By Andy Pasztor 
 

The two companies building commercial crew vehicles for NASA have a "zero percent chance" of meeting current deadlines to start regular flights ferrying U.S. astronauts into orbit, according to the latest update from congressional watchdogs

Released Wednesday by the Government Accountability Office, the report highlights continuing schedule slips - and lack of a reliable revised timeline - for certification of so-called space taxis separately under development by Boeing Co. and Elon Musk's Space Exploration Technologies Corp.

Instead of the current official early 2019 date, the report concludes, the National Aeronautics and Space Administration may have to wait roughly an extra year, and potentially many months longer, before having dependable crew transportation to the international space station.

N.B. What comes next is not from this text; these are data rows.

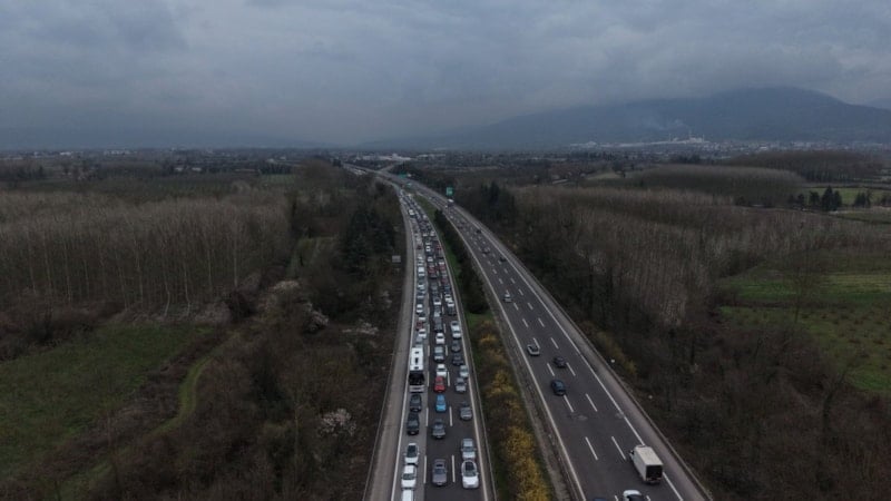Ramazan Bayramı tatilinin sona ermesiyle birlikte vatandaşlar araçları ile beraber yollara koyulurken Anadolu Otoyolu'nun Düzce geçişinde oluşan trafik yoğunluğu havadan görüntülendi.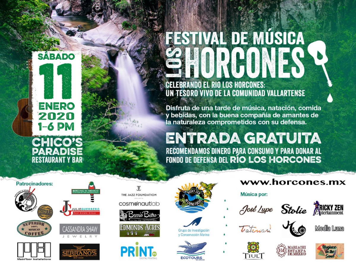 Los Horcones Music Festival, a new event to take place this Saturday, January 11, 2020, at Chico’s Paradise in Puerto Vallarta’s South Shore is an excellent opportunity to get out of town, enjoy the talent of several renowned local bands in a natural setting, and raise awareness about Los Horcones River, the last river that still reaches our Bay in its wild and un-dammed manner. The festival will start at 1 pm, continuing until 6 pm.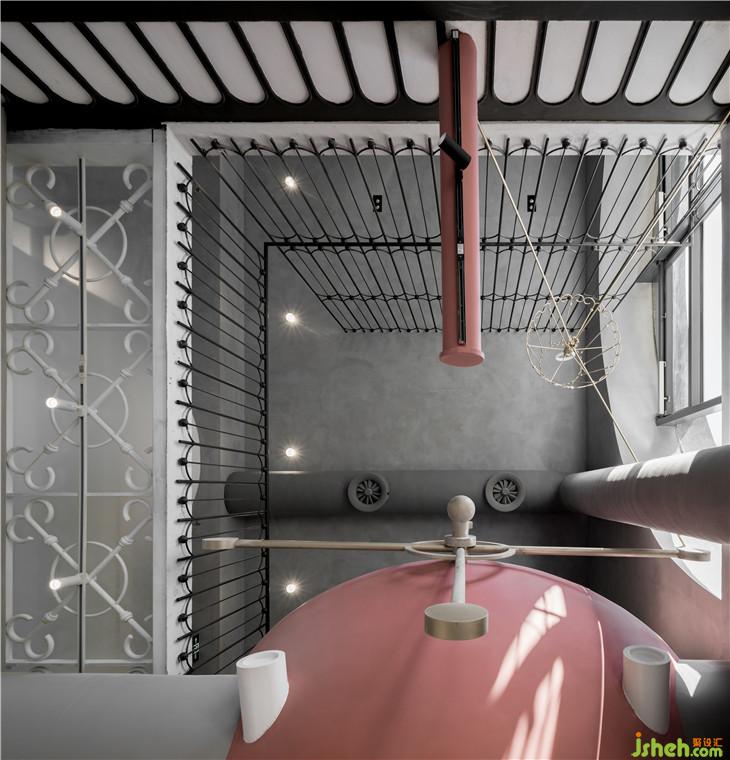 我們把原本是兩層的空間的樓板全部拆除,變成一個(gè)搞達(dá)8、9米的通高空間,在地面用極簡(jiǎn)的手法來還原,這些“反應(yīng)罐”中會(huì)設(shè)置新零售的體驗(yàn)設(shè)備。消費(fèi)者可以在不同的罐當(dāng)中感知不同的設(shè)備帶來的新商業(yè)的消費(fèi)體驗(yàn)感。并在4-5米高的空間中重新搭建樓板,交錯(cuò)穿插在我們還原的“反應(yīng)罐”當(dāng)中作為二樓共享研發(fā)人員辦公的工作與交通平臺(tái),這樣,工作人員在空中的平臺(tái)上工作,消費(fèi)者在樓下體驗(yàn)空間里新科技與信息化帶來的商業(yè)體驗(yàn),通高空間的視線聯(lián)動(dòng)也使得他們可以互相感知到彼此的存在,讓空間變得更加有趣。整個(gè)空間借由工廠構(gòu)圖來搭建的背景下更利用“能量傳送管”的構(gòu)圖來隱藏全部電線與空調(diào)的設(shè)備線路,使得空間暴露出來的工業(yè)化設(shè)計(jì)都被精致的修飾藝術(shù)簡(jiǎn)化,原本應(yīng)該存在空間的工程管線被完美的隱藏在后創(chuàng)作的“能量疏通管”當(dāng)中。更在部分空間使管道聯(lián)動(dòng)到地面上,結(jié)合造型創(chuàng)造了一系列的休息桌椅,使空間看起空間層次豐富但是亦被精致的規(guī)劃為不同視角的構(gòu)圖感。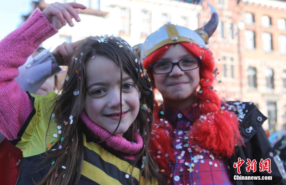 3月4日,比利时南部小镇班什的狂欢节进入最后的高潮。班什狂欢节寓意庆祝冬天结束,喜迎春天来临。起源于16世纪中叶的班什狂欢节,与法国尼斯、德国科隆和意大利威尼斯的狂欢节齐名,每年都吸引着世界、特别是欧洲各国的游人前往参加和观看。中新社发 沈晨 摄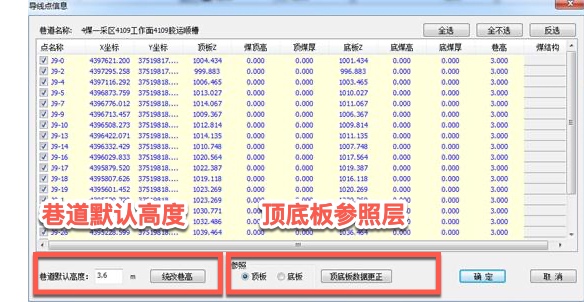 - 巷道顶底板最值:系统自动根据所选数据搜索最大值和最小值。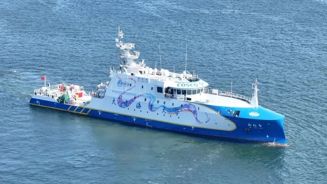 据了解,“新红专”轮是全球首艘集成自主航行与教学实训功能的船舶,该船总长69.83米,总吨1483,最大航速18.0节。
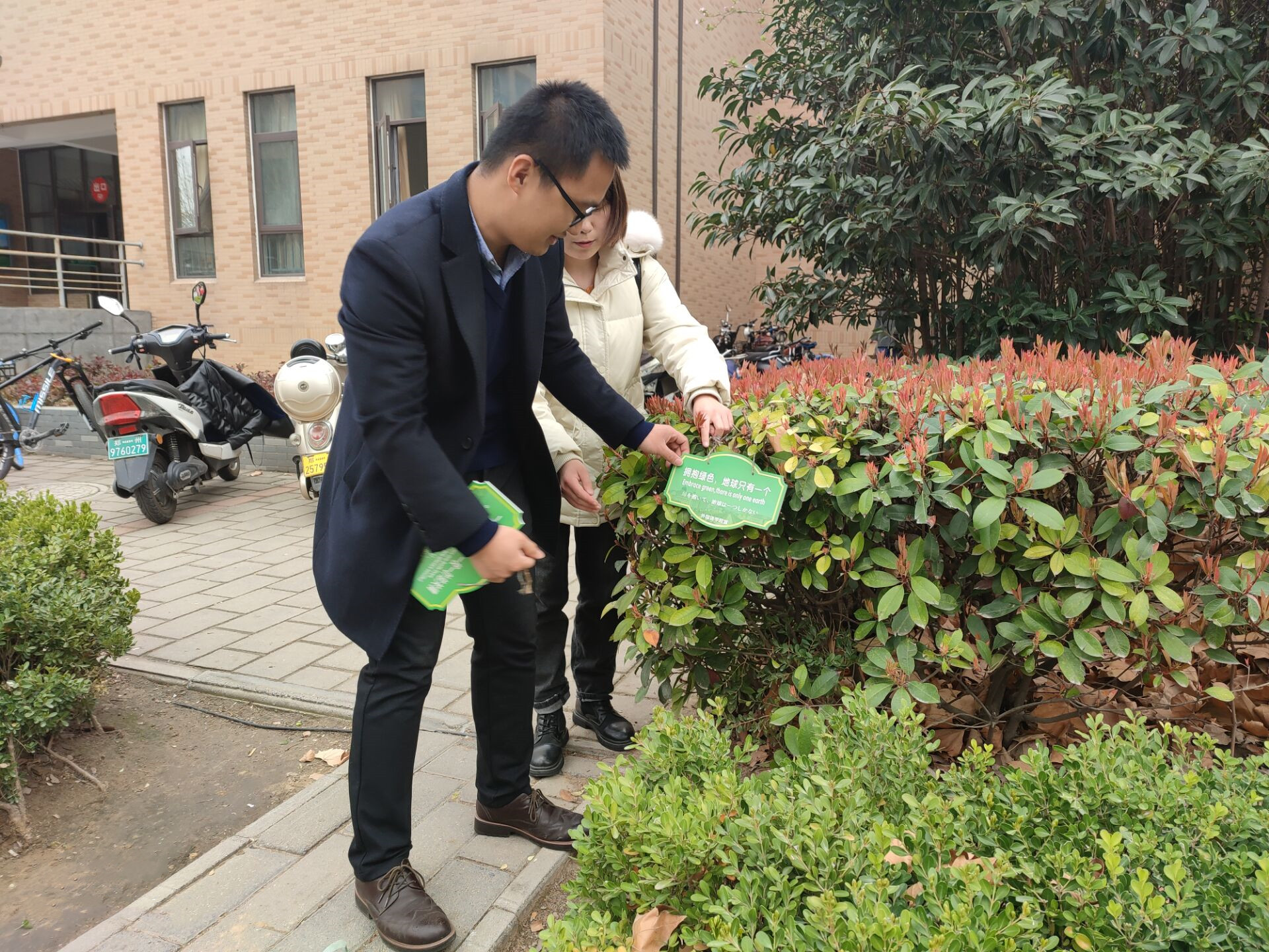 师生一起为校园的树木挂上标语,并科普绿色生活及植树造林的重要性。“举目四顾,芳草遍地”、“Use your love and care to this green space”、“緑色の生命を貯蓄して,緑色の光彩を開放します”等富有Bet365网址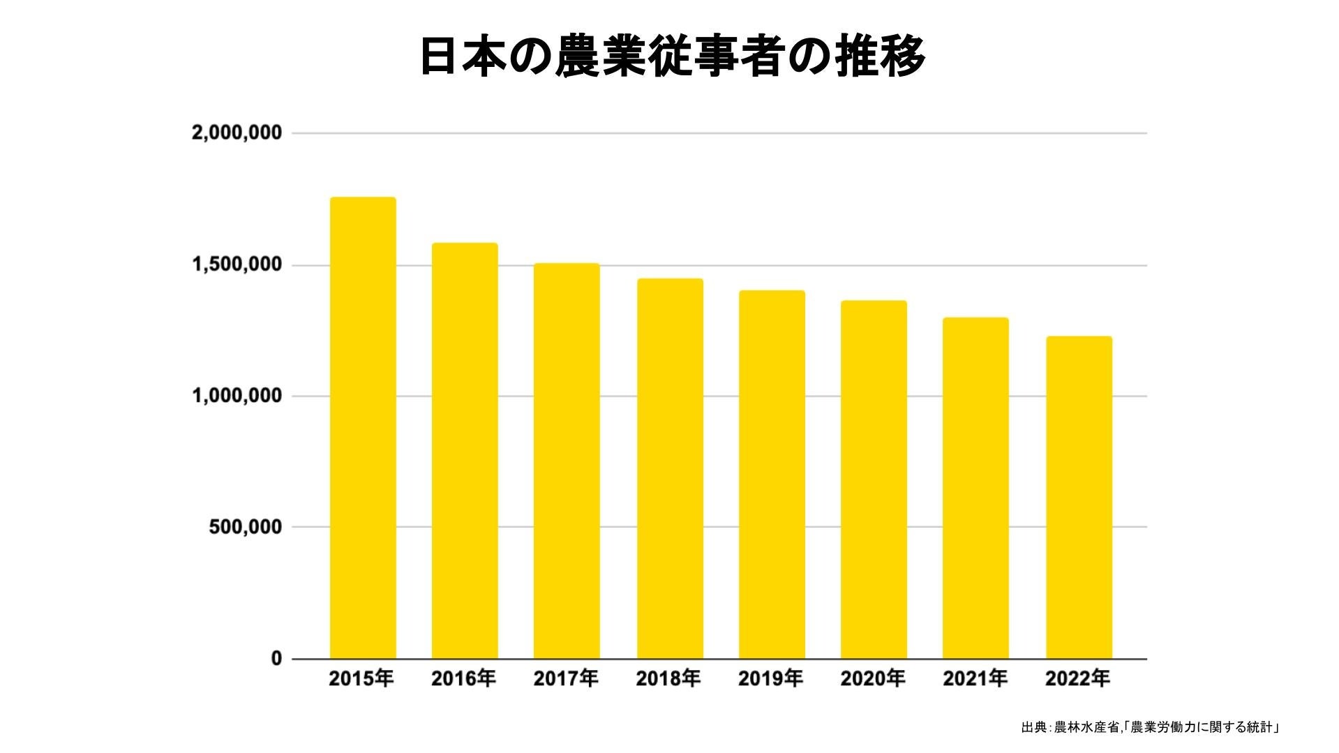 日本における農業従事者数は減少傾向が続いており(※1)、その背景には雇用機会の拡大による都市部への人口流出や農業従事者の高齢化などが指摘されています。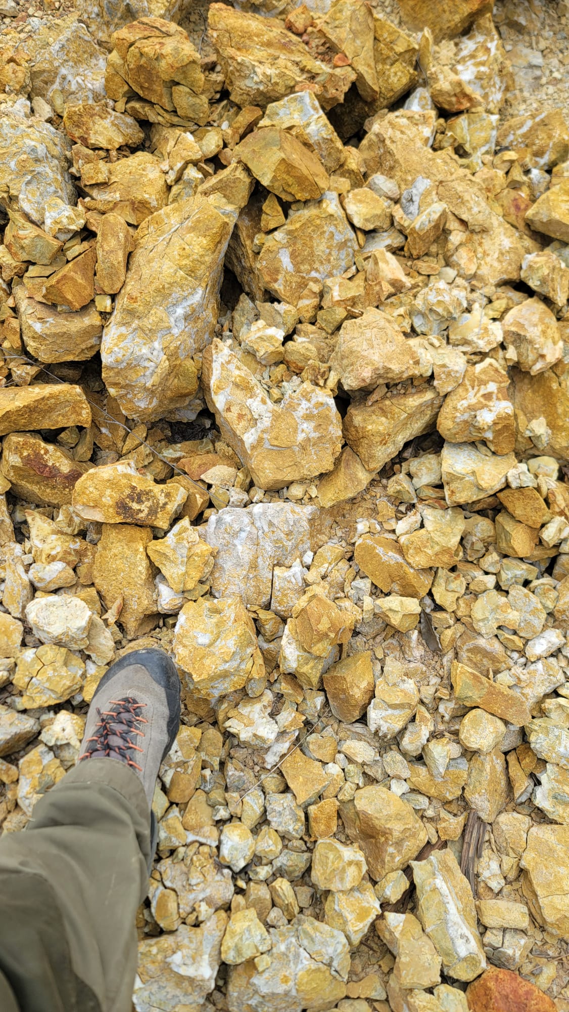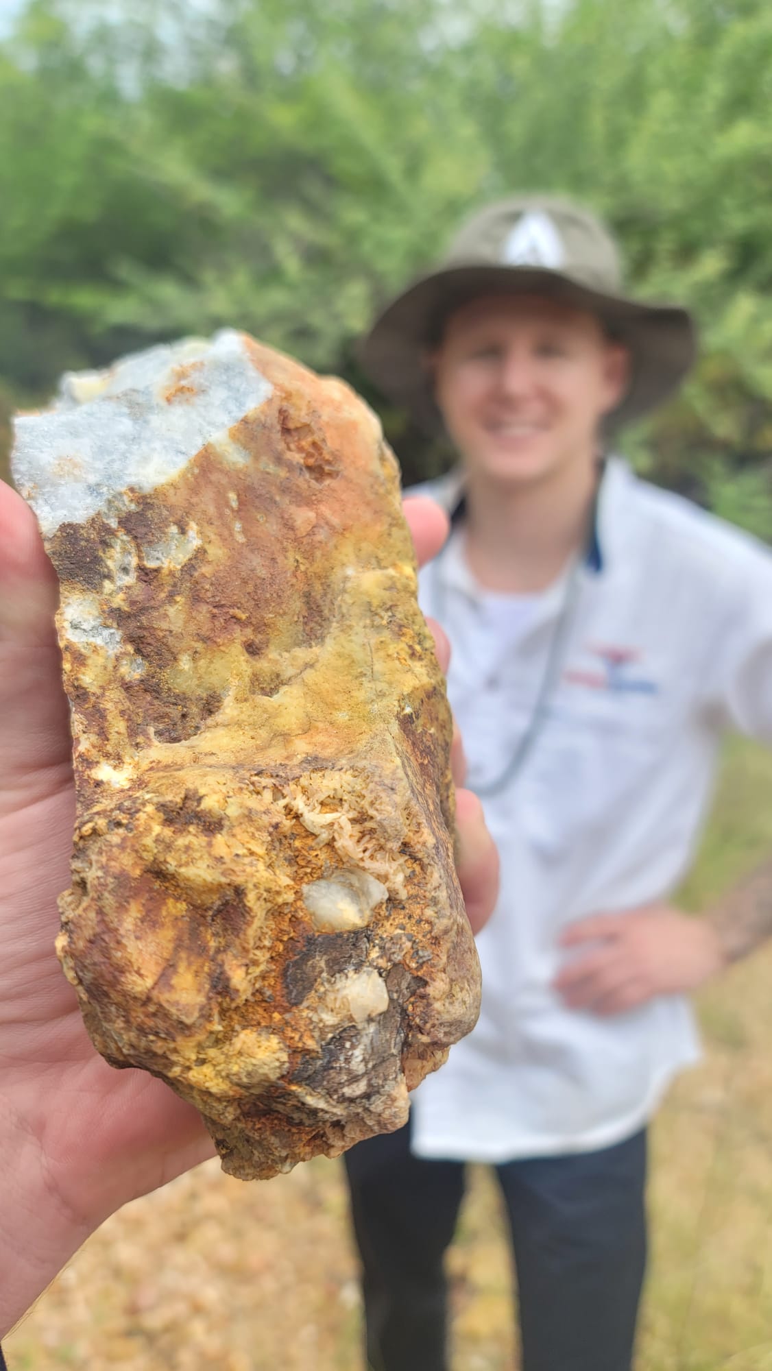 • Auf dem ersten gezeigten Foto ist eine besonders markante Quarz-Brekzie mit Eisenoxid zu sehen: Genau jene Strukturen, die in vergleichbaren Systemen oft mit hochgradiger Gold- und Silbervererzung in Zusammenhang stehen.

The capsules already are years late, and both contractors have been the focus of widespread criticism from lawmakers and industry officials for announcing and then sticking with overly optimistic schedules. Several weeks ago, NASA officials told the GAO and reporters that schedule slips were in the offing without providing specifics.

A NASA spokeswoman said the agency is "working closely with our commercial partners and is preparing for potential schedule adjustments normally experienced during spacecraft development."

In a written response to the report, NASA said it wouldn't fully follow all of the latest GAO recommendations but expects to be "working to ensure that the partners' schedules and NASA's internal assessments are in agreement."

Wednesday's report, however, goes beyond questioning the way NASA develops schedules for the complex program. The GAO, among other things, faults NASA's leadership for failing to keep lawmakers adequately informed about budding delays. And it raises a red flag that further delays could result in a gap in U.S. presence on the orbiting laboratory.

Today, NASA purchases seats on Russian capsules launched by Russian rockets to transport U.S. crews to and from the space station. But those contracts are expected to end in November 2019. The report says that if Boeing and SpaceX, as Mr. Musk's company is called, experience additional schedule slips, NASA "does not have a contingency plan for ensuring uninterrupted U.S. access."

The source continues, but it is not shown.